I wish I could express the hundreds of different emotions that went through my head last night. We went up to the Fox Theatre for the annual St. Louis Public School Music Night. Kids from the music programs of all the City Schools get to perform on the big stage for the night. They spend the whole day there getting ready. A couple professional organizations volunteer their time, so it results in a great evening. Emotion #1: I spent my youth in those school bands and loved every second of it. It all started when, at age 11 or so, I asked my Dad if I could play drums. Well, what I really asked him was could I have a drum set? His answer was that if I took lessons, he’d buy me “a drum.” Well, I went straight to the music director at Woodward Elementary the next day and announced, “I’d like to play the drums.” He said, “I don’t need any drummers, how about the trumpet?” I responded immediately, “sure! When do I start?” He gave me a little coronet that day. I took it home at lunch time, opened the book he’d given me and proceeded to play my first C scale. I already knew how to read music from my guitar lessons, so I made it through the book pretty quick. I remember him saying that I could join “ensemble.” I had no idea what that meant. It still strikes me today that he said not “the ensemble,” but just “ensemble.” Wow, I was going to be in Ensemble! It sounded pretty high-class. I’m sure we stunk, it was just grade school afterall; but playing in this ensemble; this band, it was a feeling like none I’d felt before. The product was greater than the sum of its parts, and that intangible would keep me interested in music forever.

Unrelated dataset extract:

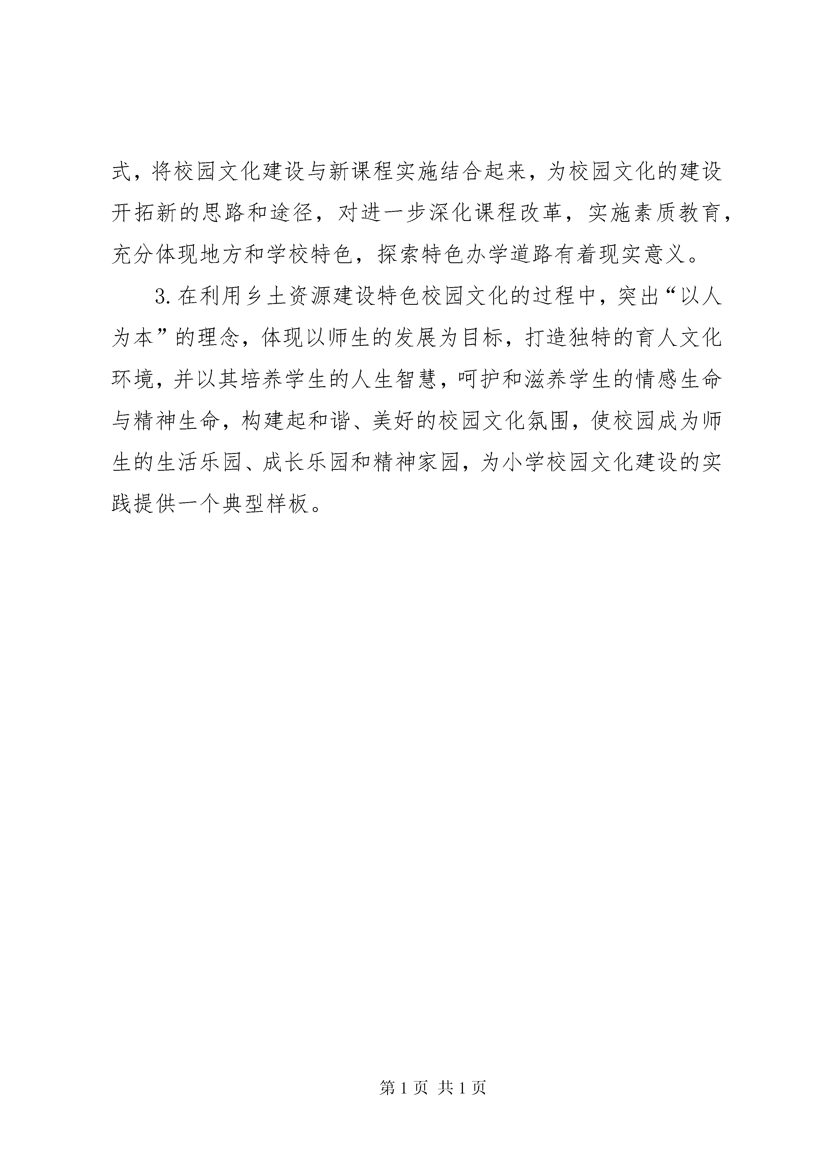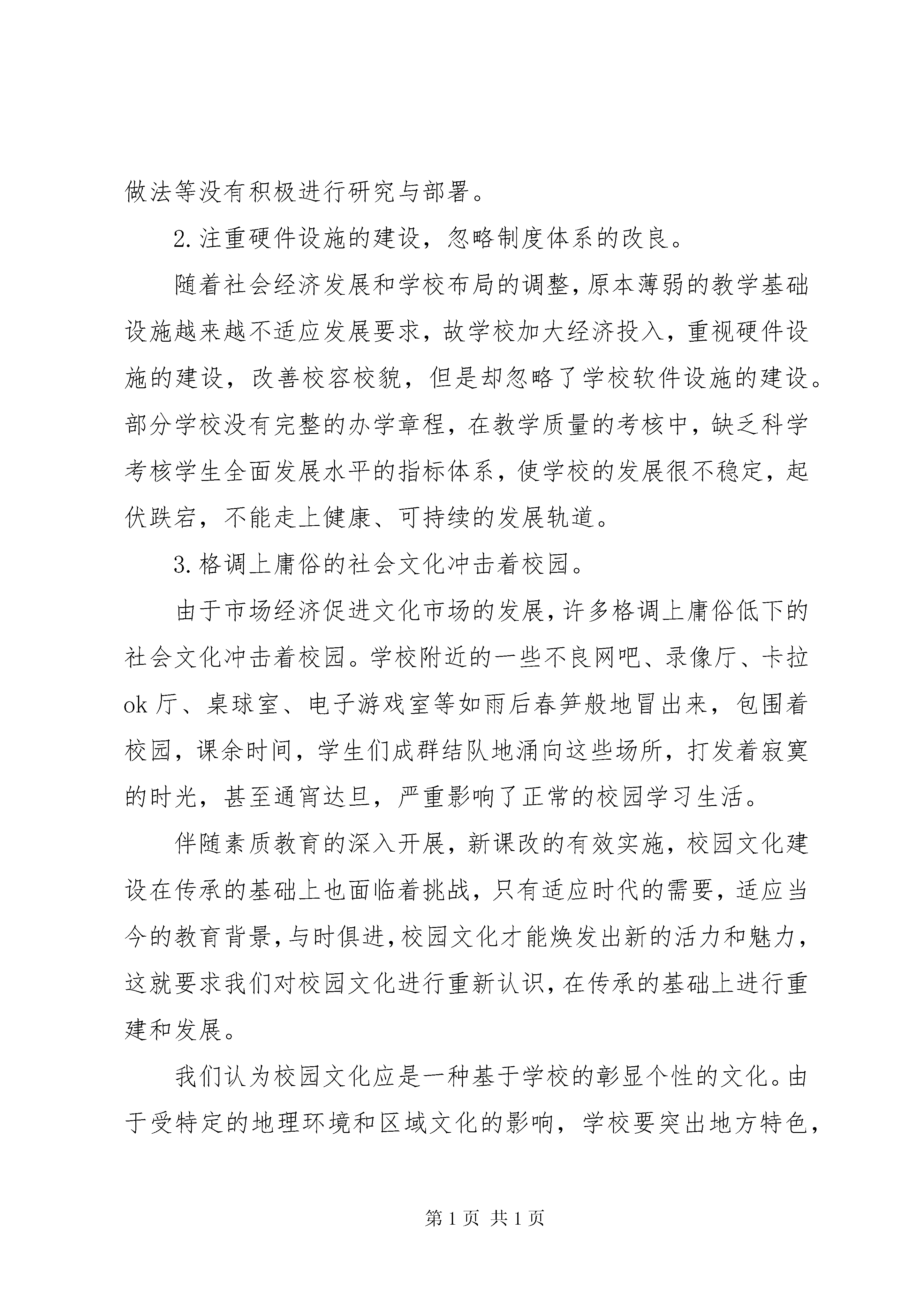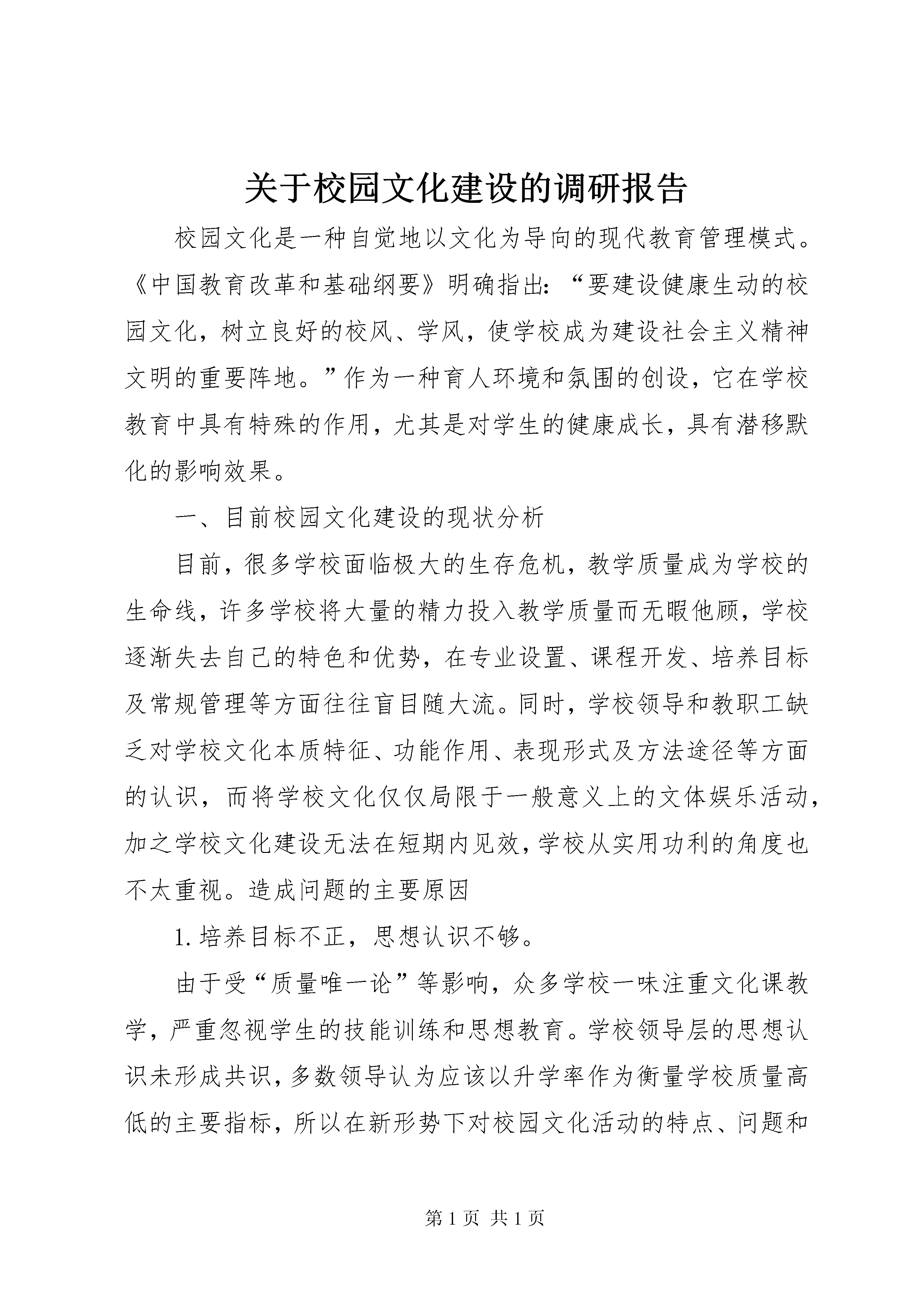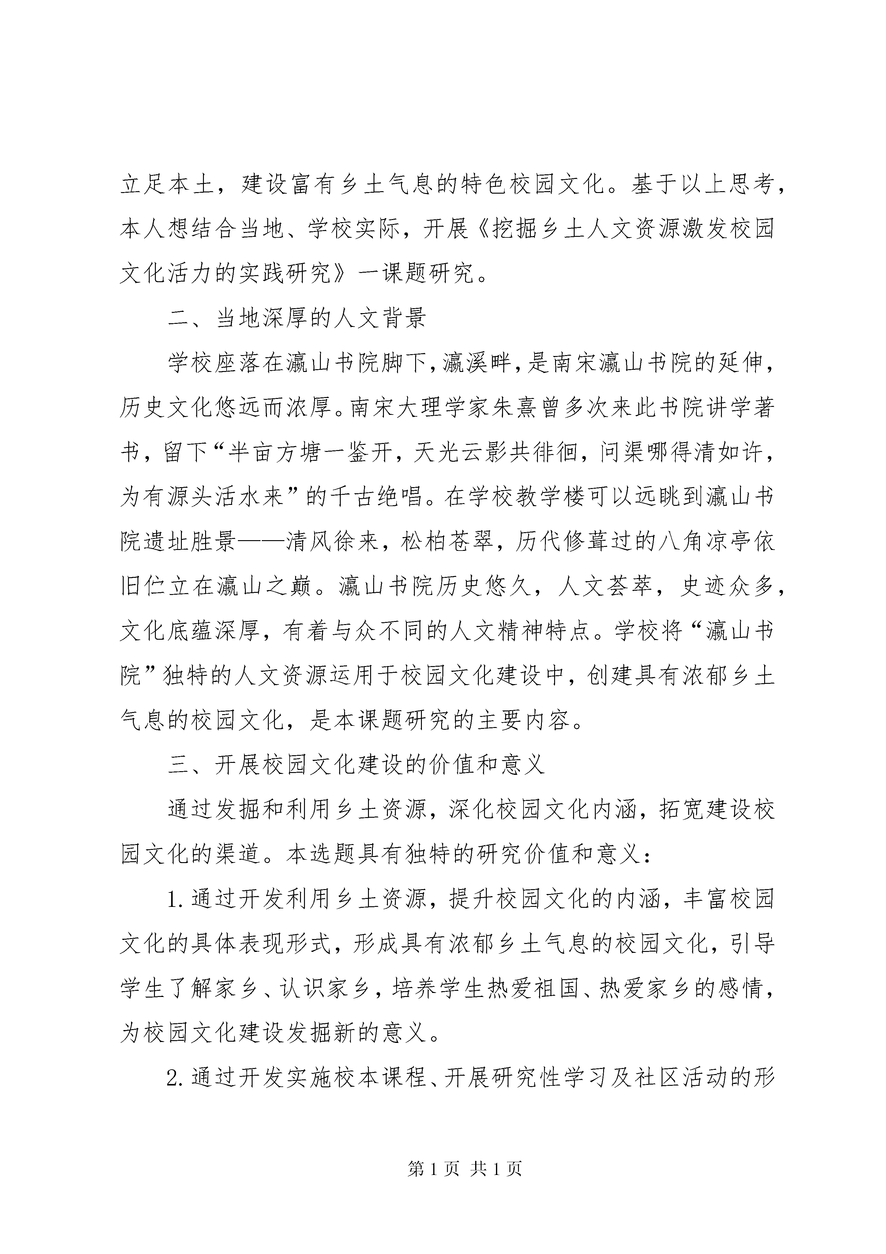关于校园文化建设的调研报告校园文化是一种自觉地以文化为导向的现代教育管理模式。《中国教育改革和基础纲要》明确指出:“要建设健康生动的校园文化,树立良好的校风、学风,使学校成为建设社会主义精神文明的重要阵地。”作为一种育人环境和氛围的创设,它在学校教育中具有特殊的作用,尤其是对学生的健康成长,具有潜移默化的影响效果。一、目前校园文化建设的现状分析目前,很多学校面临极大的生存危机,教学质量成为学校的生命线,许多学校将大量的精力投入教学质量而无暇他顾,学校逐渐失去自己的特色和优势,在专业设置、课程开发、培养目标及常规管理等方面往往盲目随大流。同时,学校领导和教职工缺乏对学校文化本质特征、功能作用、表现形式及方法途径等方面的认识,而将学校文化仅仅局限于一般意义上的文体娱乐活动,加之学校文化建设无法在短期内见效,学校从实用功利的角度也不太重视。造成问题的主要原因1.培养目标不正,思想认识不够。由于受“质量唯一论”等影响,众多学校一味注重文化课教学,严重忽视学生的技能训练和思想教育。学校领导层的思想认识未形成共识,多数领导认为应该以升学率作为衡量学校质量高低的主要指标,所以在新形势下对校园文化活动的特点、问题和做法等没有积极进行研究与部署。2.注重硬件设施的建设,忽略制度体系的改良。随着社会经济发展和学校布局的调整,原本薄弱的教学基础设施越来越不适应发展要求,故学校加大经济投入,重视硬件设施的建设,改善校容校貌,但是却忽略了学校软件设施的建设。部分学校没有完整的办学章程,在教学质量的考核中,缺乏科学考核学生全面发展水平的指标体系,使学校的发展很不稳定,起伏跌宕,不能走上健康、可持续的发展轨道。3.格调上庸俗的社会文化冲击着校园。由于市场经济促进文化市场的发展,许多格调上庸俗低下的社会文化冲击着校园。学校附近的一些不良网吧、录像厅、卡拉ok厅、桌球室、电子游戏室等如雨后春笋般地冒出来,包围着校园,课余时间,学生们成群结队地涌向这些场所,打发着寂寞的时光,甚至通宵达旦,严重影响了正常的校园学习生活。伴随素质教育的深入开展,新课改的有效实施,校园文化建设在传承的基础上也面临着挑战,只有适应时代的需要,适应当今的教育背景,与时俱进,校园文化才能焕发出新的活力和魅力,这就要求我们对校园文化进行重新认识,在传承的基础上进行重建和发展。我们认为校园文化应是一种基于学校的彰显个性的文化。由于受特定的地理环境和区域文化的影响,学校要突出地方特色,立足本土,建设富有乡土气息的特色校园文化。基于以上思考,本人想结合当地、学校实际,开展《挖掘乡土人文资源激发校园文化活力的实践研究》一课题研究。二、当地深厚的人文背景学校座落在瀛山书院脚下,瀛溪畔,是南宋瀛山书院的延伸,历史文化悠远而浓厚。南宋大理学家朱熹曾多次来此书院讲学著书,留下“半亩方塘一鉴开,天光云影共徘徊,问渠哪得清如许,为有源头活水来”的千古绝唱。在学校教学楼可以远眺到瀛山书院遗址胜景——清风徐来,松柏苍翠,历代修葺过的八角凉亭依旧伫立在瀛山之巅。瀛山书院历史悠久,人文荟萃,史迹众多,文化底蕴深厚,有着与众不同的人文精神特点。学校将“瀛山书院”独特的人文资源运用于校园文化建设中,创建具有浓郁乡土气息的校园文化,是本课题研究的主要内容。三、开展校园文化建设的价值和意义通过发掘和利用乡土资源,深化校园文化内涵,拓宽建设校园文化的渠道。本选题具有独特的研究价值和意义:1.通过开发利用乡土资源,提升校园文化的内涵,丰富校园文化的具体表现形式,形成具有浓郁乡土气息的校园文化,引导学生了解家乡、认识家乡,培养学生热爱祖国、热爱家乡的感情,为校园文化建设发掘新的意义。2.通过开发实施校本课程、开展研究性学习及社区活动的形式,将校园文化建设与新课程实施结合起来,为校园文化的建设开拓新的思路和途径,对进一步深化课程改革,实施素质教育,充分体现地方和学校特色,探索特色办学道路有着现实意义。3.在利用乡土资源建设特色校园文化的过程中,突出“以人为本”的理念,体现以师生的发展为目标,打造独特的育人文化环境,并以其培养学生的人生智慧,呵护和滋养学生的情感生命与精神生命,构建起和谐、美好的校园文化氛围,使校园成为师生的生活乐园、成长乐园和精神家园,为小学校园文化建设的实践提供一个典型样板。

Emotion #2: I could have sworn I saw my little sixth-grader up there playing her alto-clarinet. But no, that’s not her. She’s the one in the middle there, playing flute; the senior who days with this school band are drawing to a close. I’m telling you; it was yesterday that I was watching her with the other middle-schoolers toot out their tunes with the usual squawks and squeaks you’d expect. She’s off to college this fall, and there’ll be no more Christmas Concerts.
Emotion #3: Just the pure joy of watching and listening to the kids perform. Some of them were truly good. A group from the Performing Arts High School was particularly good. A big choir sang “Go Down Moses” as two ballet dancers, one girl, one boy, interpreted the story with movement. (I couldn’t help chuckling to myself as I imagined some lawyers from the ACLU busting in yelling “Stop this! Stop this right now! We cannot hear this overtly religious material in this public forum!”)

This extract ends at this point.